“Behold! Behold the
opening of the way to the Tower!”
It may be trite but there’s a little Eden in all of us. As
with many things in our marvelous, modern civilization some of our question’s
answers can be found mathematically. Case in point: politics.
In Europe they have multiple political parties; 9,270.5 to
be exact. That’s because they’re educated, mathematically educated to be
precise, although it may be my own lack of numerical skill that skews me into
that perception. Here in America, we divide things in two’s. When in doubt, cut
it in half – at least that’s what Solomon used to say. Two’s are manageable.
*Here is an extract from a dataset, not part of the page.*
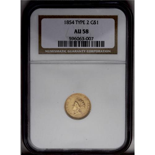<B>1854<G$1> Type Two AU58 NGC.</B></I> Better struck than usual through the centers, and with largely pristine golden-brown surfaces. Light clash marks are noted on the reverse.

Two’s are simple. Two’s are good. And as the old preface goes for any piece of
pretentious, pontificating wisdom….”there are two kinds of people in this
world.” And indeed there are.
One kind really, really, really suck. Or smell. Perhaps they
smell suck, who knows. Whatever their dilemma it is painfully obvious that they
just…don’t…get it. The other kind are like us, like you and me. You know…awesome.
They see the important camouflaged amidst the horrifically lame and awful
mundane tedious horror that we call “modern urban uber-hipness” or “life”, if
you will. They get it, and we always will.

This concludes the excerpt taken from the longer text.